MF – Em que consiste o seu trabalho na Goodyear?
RP – Eu passo os dias a preparar os carros que transportam as peças necessárias para a produção dos pneus. São peças que chegam a pesar 20/30 quilos. Trabalho com carros que têm dois ou três metros, em que cabem cerca de 30 peças, e diariamente transporto entre 2.500 e 3.000 peças. É uma tarefa complexa, mas felizmente sou muito organizado.
MF – Quais as maiores dificuldades associadas a essa função?
RP – Temos 218 carros de transporte de peças e eu conheço-os a todos. É preciso ter carros disponíveis à medida das peças que temos de transportar e para isso temos de organizar as coisas da melhor forma. Fazemos cerca de seis mil pneus por dia.
MF – Sente-se realizado?
RP – Bastante. É um trabalho exigente, por turnos, faço muitas horas a mais quando me pedem, mas consigo tirar mais de três mil euros limpos por mês e sei que tenho uma qualidade de vida acima da média. Vivo num T1+1, sozinho, a cinco minutos da fábrica. Pago 1.050 euros por mês só para o apartamento. Recentemente também comprei um bom carro e tenho o meu apartamento em Portugal. Tenho uma vida estável.
MF – Como descreve o ambiente na Goodyear?
RP – É muito bom. Como há muita gente, quando há jogos da seleção trabalho com a camisola de Portugal, porque temos aqui muitos belgas e franceses, gostamos de brincar uns com os outros. No Euro 2016, como imagina, foi fantástico. Curiosamente, um dos chefes aqui é português, chama-se Jorge Soares e é um grande adepto do FC Porto.
MF – Por falar em FC Porto, vamos recuar no tempo e explorar a sua ligação ao clube portista.

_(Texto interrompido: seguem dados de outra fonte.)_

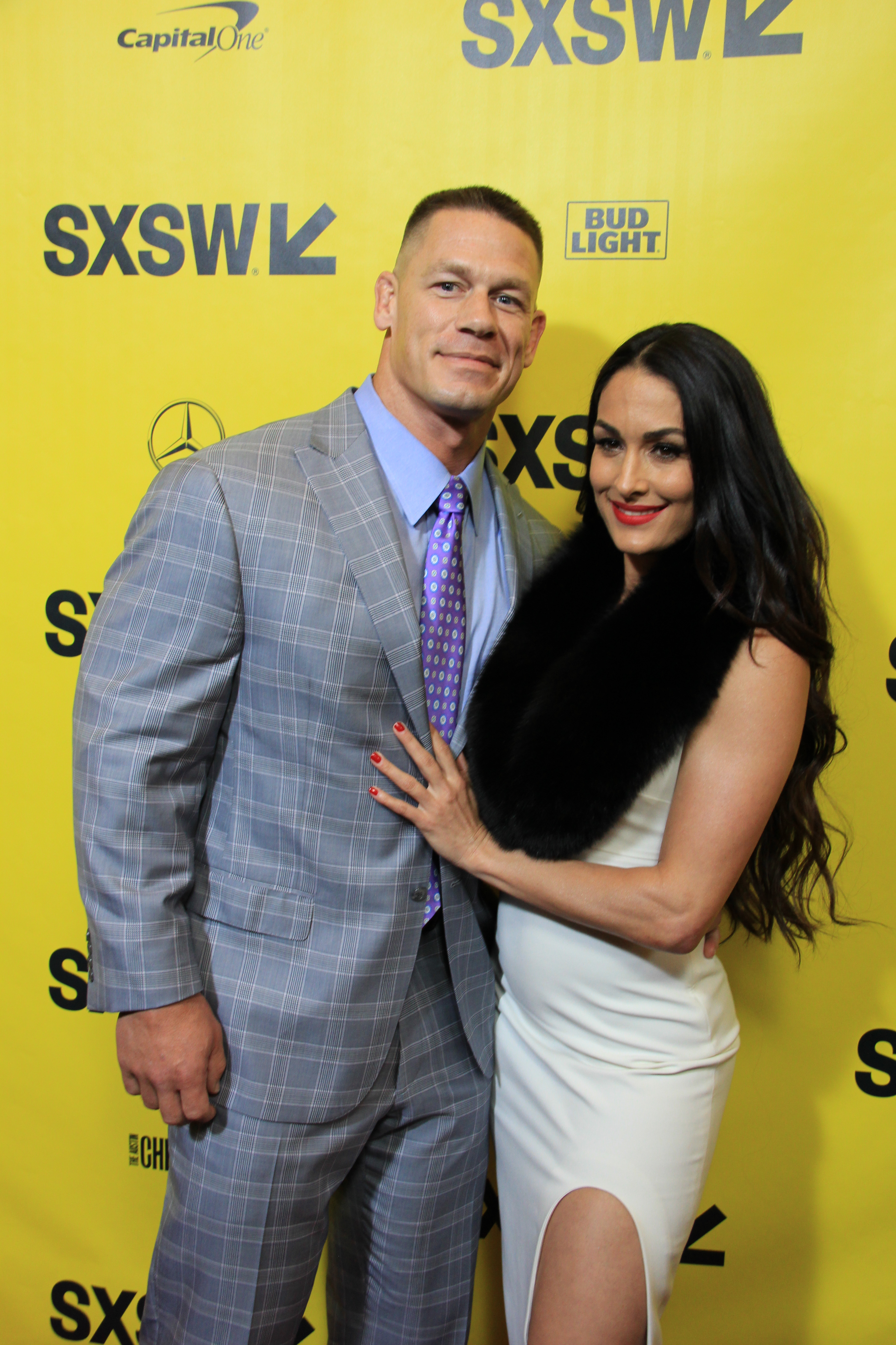 John Cena and Nikki Bella at SXSW Red Carpet premiere of BLOCKERS
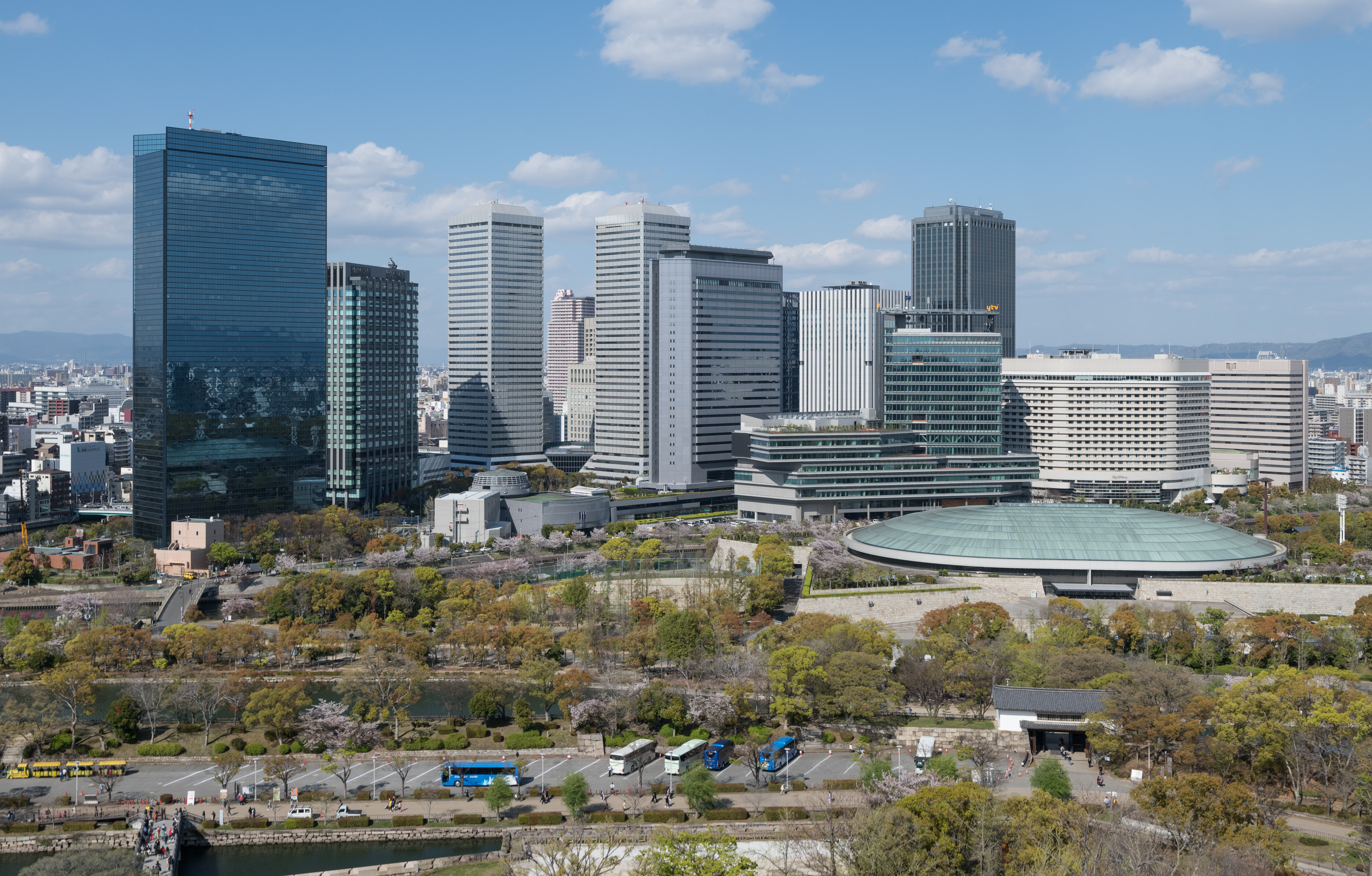 A southwest view of Osaka Business Park, as seen from the keep tower of Osaka Castle
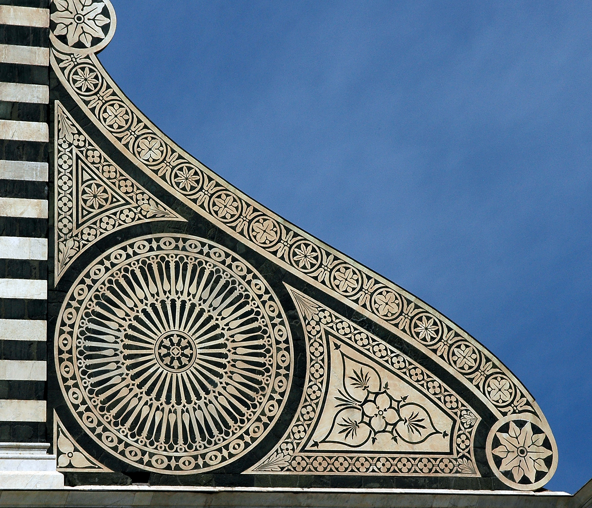 Detail of the facade of Santa Maria Novella (Florence)
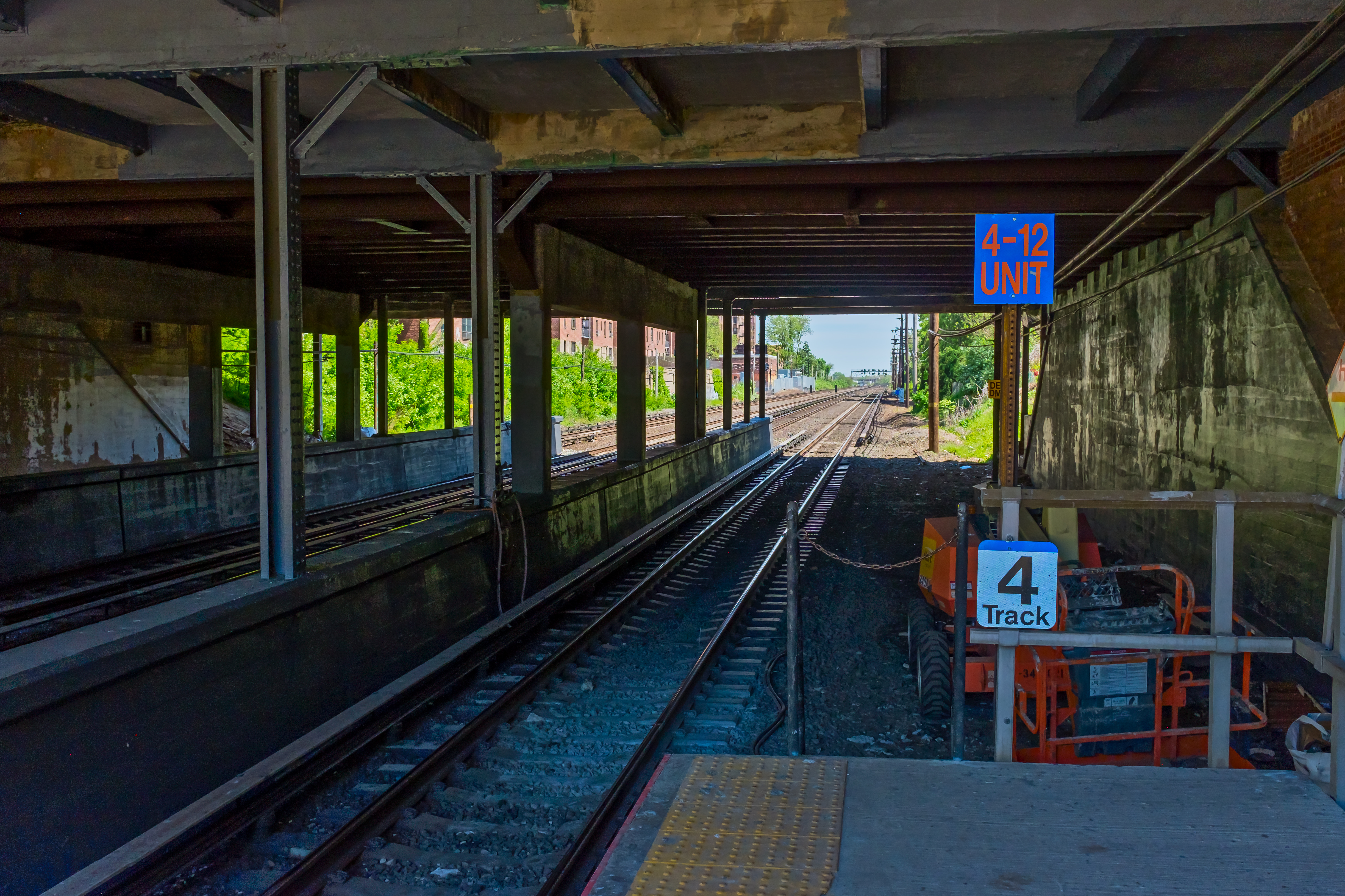 Kew Gardens LIRR station, looking east along main line.
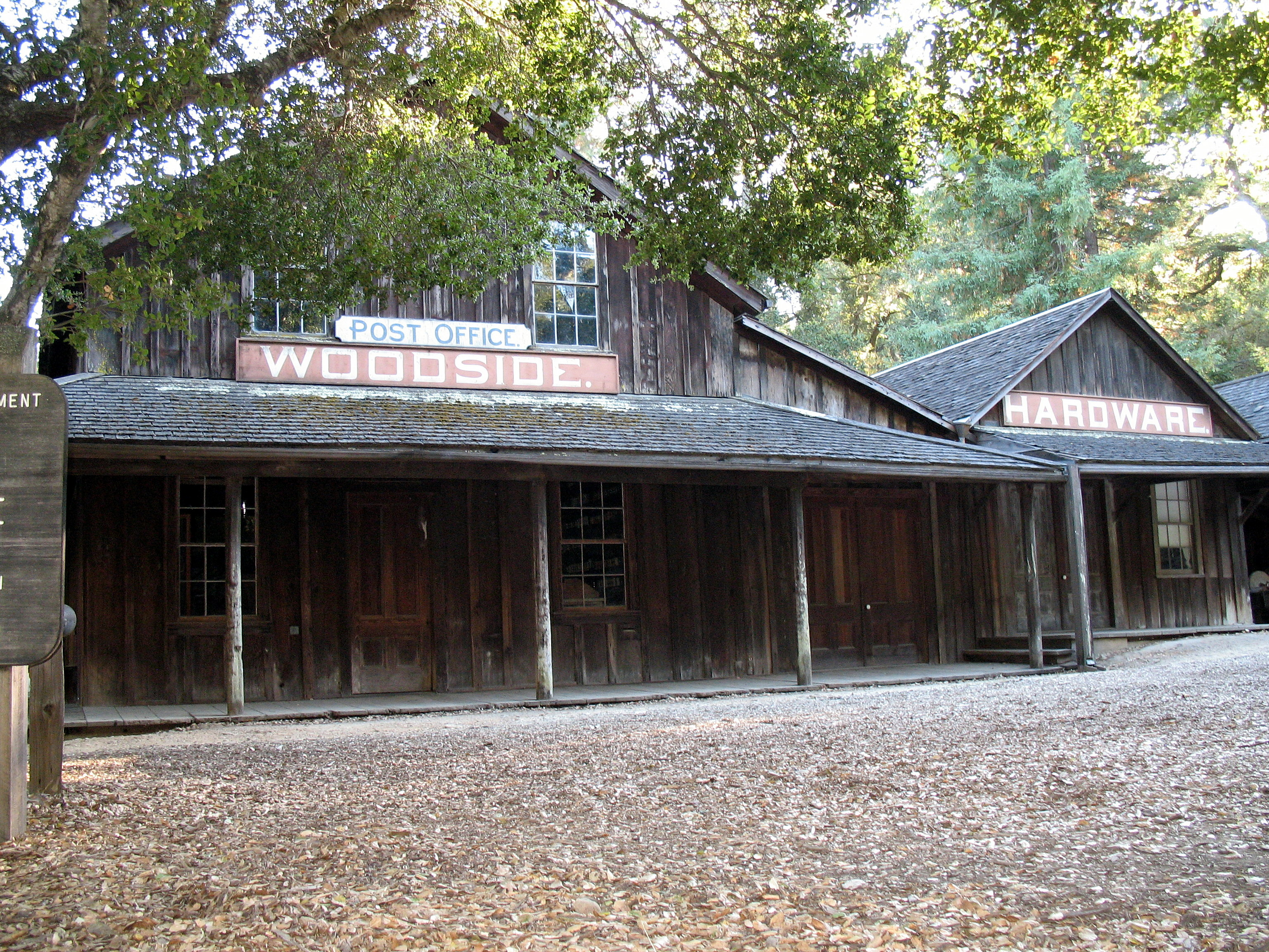 National Register of Historic Places listings in San Mateo County, California. Woodside Store, 471 Kings Mountain Rd., Woodside, California
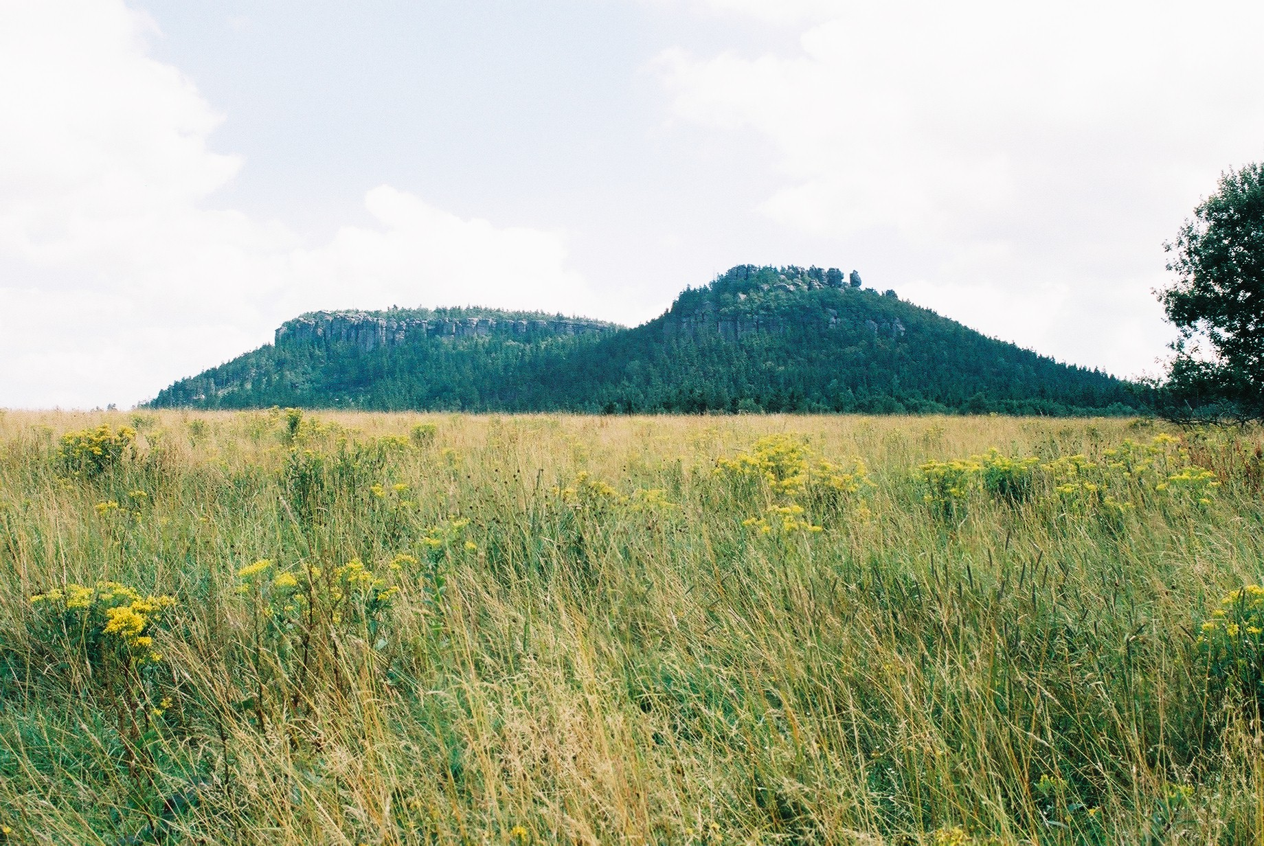 The Szczeliniec Mały mountain (foreground, right) with Szczeliniec Wielki (background, left). View from the West.
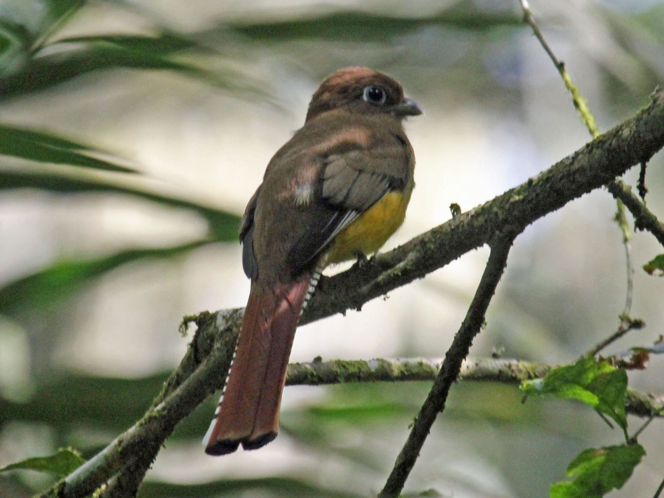 Black-throated Trogon - Soberania National Park, Panama.

O que recorda dessa fase?
RP – Fiz uma grande época no Vianense, depois outra grande época no Trofense e surgiu o FC Porto. Foi o Artur Jorge que me indicou, ainda em dezembro de 1990, e queria que eu fosse logo para lá, mas nessa altura não era possível. Fui para o FC Porto no verão de 1991, assinando um contrato de três anos, mas quando cheguei lá para fazer a pré-época já estava como treinador o Carlos Alberto Silva.
MF – Como correu essa pré-época no FC Porto?
RP – Arrancámos com 45 jogadores, havia muita concorrência, mas senti que fiz uma boa pré-época. Disputei vários jogos de preparação ao lado de nomes como Semedo, Kostadinov, Vítor Baía, Jaime Magalhães, João Pinto, André…Tinha 21 anos e senti que podia continuar, o Pinto da Costa chegou a dizer numa entrevista que eu seria a revelação daquela época, mas depois fiz uma entorse, surgiram outros problemas e acabei por não ficar no plantel.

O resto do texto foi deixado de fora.